Journalism is a course or two on the basic rules: ie, Writing for broadcasting is different that writing for print., but I digress.
Thre could be another class on the technical aspects of print or broadcast (meaning television as there is very little radio left) In the beginning every young cub reporter wants to be a muckracker but after a while, the reality of doing stories on sewer assessments hits closer to home.
I feel a bit sorry for this kid—30 and $110K in debt and no great stories involving hookers and blow to show for it...sigh....youth is wasted on the young.
Learn to code.
Well ... there's your problem ...
Dumber than a box of rocks.
Yes, I feel a bit sorry for the ‘kid’ too. But if you’re 30 years old and you already owe 18k why would anyone decide to get a master’s degree and pay for it - why would anybody do that?
You don’t go to graduate school unless the school is paying your tuition and giving you a stipend. The exception is if your company is paying your tuition, why not do it.
yup—$110K and no stories to share—no good time memories...one should have sumptin to show for the money...
Of course when I went to University, tuition was $97 a semester for 12 units. I had the GI Bill and plenty of beer money.
Tell sweetie that she is hardly paying enough to cover the interest due even at 3% for 30 years. In fact, I’m pretty sure she isn’t covering interest which is why the amount due is growing.
Don’t these children know anything at all? She better get smart soon because she has not started with much in either the looks or smarts department and time is not her friend in the former case.
Try this.
https://www.bankrate.com/mortgages/amortization-calculator/
My wife had student loans when we were married. I never knew a thing about them. She worked and I always considered her money her own since my job was to provide. She took the loans as her obligation alone. She was shocked at the amount some borrowed and how long it took her girl friends to pay it all off. She sewed her own clothes and lived frugally those college years. She could look like a million bucks in a sack though and even better in what she sewed for herself. Her parents were much older than most of ours, she never asked for more than they were able to provide her.

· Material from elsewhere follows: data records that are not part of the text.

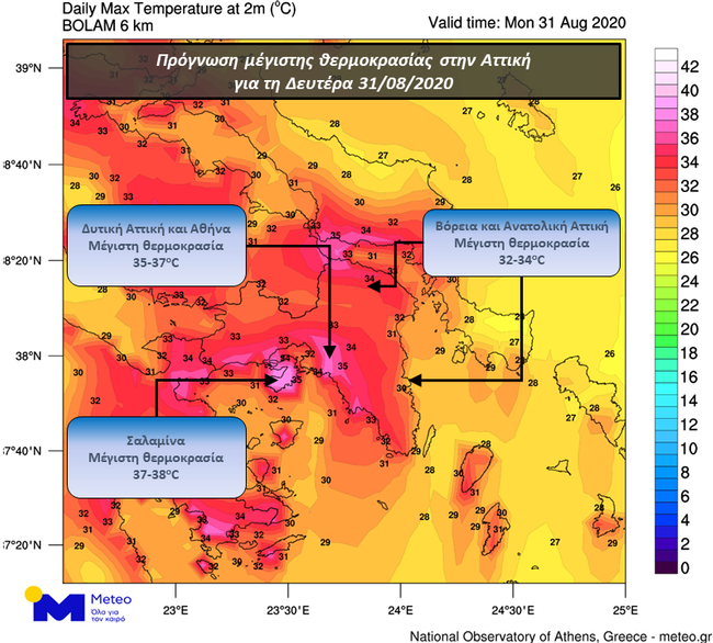 Πολύ υψηλές θερμοκρασίες αναμένονται και στην περιοχή της Αττικής, όπου τις μεσημεριανές ώρες της Δευτέρας 31/08, οι τιμές θα φτάσουν τοπικά τους 37 βαθμούς και στο νησί της Σαλαμίνας τους 38 βαθμούς Κελσίου.
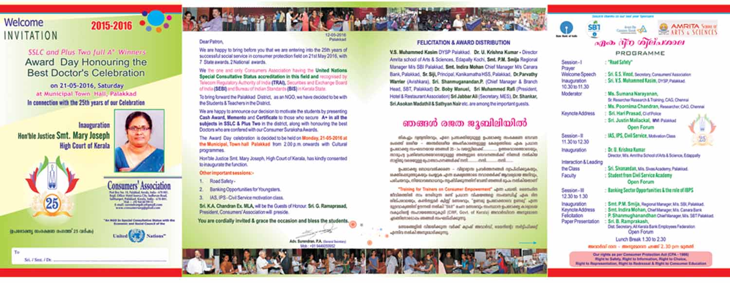 An NGO functioning for the last 24 years with the United Nations special consultative status and UNCTAD, Geneva accreditation status,member of the CCPC(Govt. of India), CAG member of TRAI(Govt. of India), BIS(Govt. of India), registered NGO on the state Food Advisory Council (Govt. of Kerala) and an affiliate membership withConsumers International since 2010.
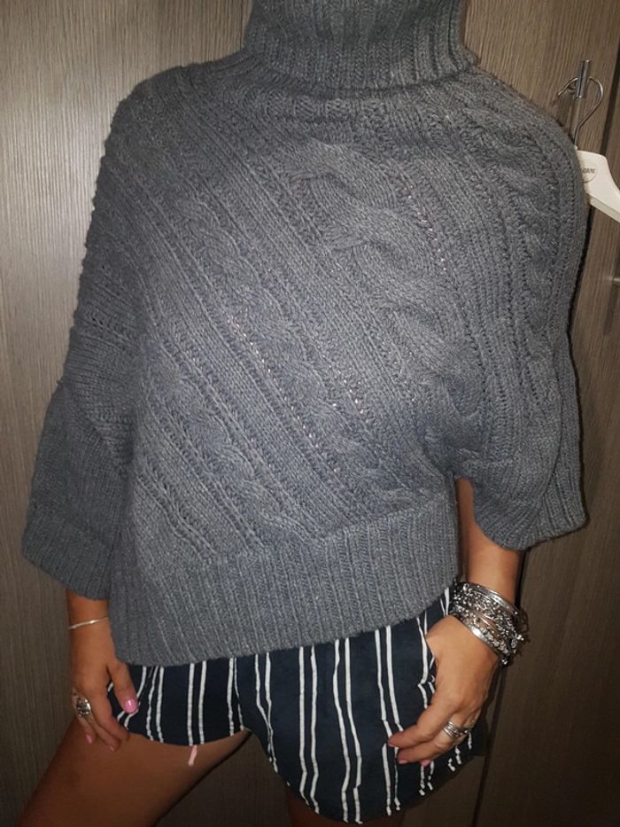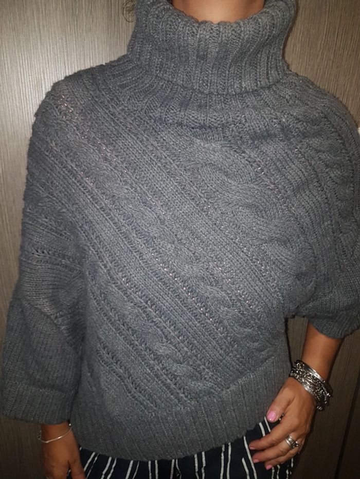 Pull chale col roulé maille tressée gris S/M - photo numéro 1
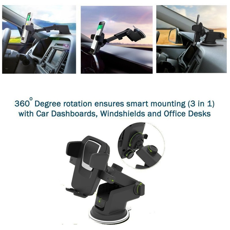 IWIO Car holder Phone Smartphone Premium onetap Technology 360 Degrees One Touch Windscreen and Dashboard Extendable compatible with Motorola Moto G7 Plus 2019 - BLACK
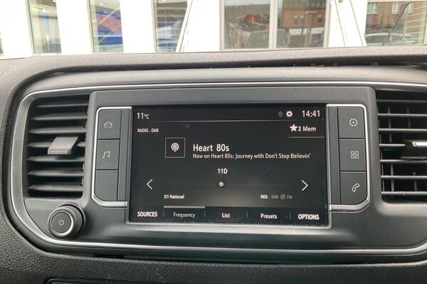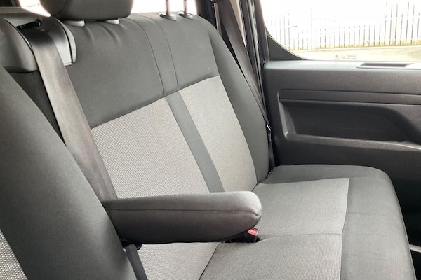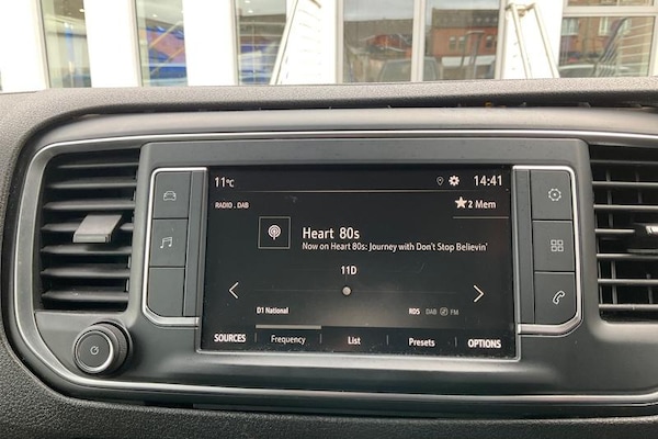 Central facia display - Audio information, Digital clock with automatic RDS time adjustment and outside air temperature with ice warning function, Drive mode selector, Instrumentation - speedometer, rev counter, low fuel gauge warning light, fuel economy gauge and coolant temperature warning light, Multi function trip computer - Trip odometer, vehicle range, average speed and fuel economy, instantaneous fuel economy and driving time, Multi-mode toggle (Eco, Normal, Power), Speed sensitive electrically assisted power steering, Vauxhall connect including Ecall and connected services, Electric adjustable/heated door mirrors, Electric Front windows with one touch up/down facility, Flexible roof mounted aerial, Halogen headlights, Intermittent rear window wash/wipe, Lights on audible warning, reversing light, hazard warning, rear fog light, high level brake light, side repeat indicators, LED daytime running light, Nearside and offside sliding side access door with fixed windows, Side protection mouldings, Two speed windscreen wipers with variable intermittent wipe, Vehicle charging socket, 12V socket in cargo area, 12V socket in saloon area, 3 spoke design steering wheel with satin chrome effect bezel, A4 storage compartment in facia, Body lock seatbelt pretensioner system, Curitiba cloth upholstery, Dual front passenger's seat with underseat storage tray, fixed position bench seat and backrest and padded front head restraint, Floor mounted handbrake lever, Front door
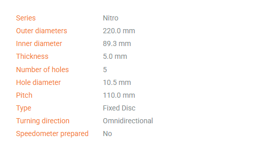 NITRO discs allow for high performance braking while exhibiting extremely little wear.

The guys I ran with never borrowed money. We all were able to work our way through school if we needed to and many of us did just that. Between throwing hay in the fall and spring (thanks to a friends Dad for the work), surveying (thanks to a professor) and a lab assistant income and then every hour I could work in the summer I never borrowed a dime. My summer was commonly at construction and between the day work and maintenance I did in the evenings I was hitting over 80 hours a week straight time plus another 20 in over time and union scale on a non-union job. In the 70s that was a good job. When our work ended my boss was able to hire me as a repair welder to rebuild barges for the little fleet. I had two blue work shirts and worked down in a pit by the river bank with no breeze at all in Little Rock. The shirts were tatters from the sweat and washing. Joe took pity on me and got a big bug blower, that helped some.
We went to a good state university and not our “dream” school and got an engineering degree and a now obsolete vocational home economics degree. Our objective was to get off the family payroll and find our way in life on our own. It was expected, we knew it and we knew others did it before us.
I graduated with 400 bucks, a pickup, a Honda 250XL, some clothes, a Magnavox stereo and a job way out in the desert of West Texas. I was a 22 year-old that asked the Exxon HR manager for a copy of the pension plan trustee’s report. Life was always serious for me.
We did not “time-out” to find ourselves, we did not dehydrate because we had to work hard, we did not melt down and have to go to a “safe space”. We also did not walk uphill through blizzards both ways to go to school. We just did what we had to do to manage and make it. We still do and have been these last nearly 50 years together.
That’s life cupcake and some days it really blows.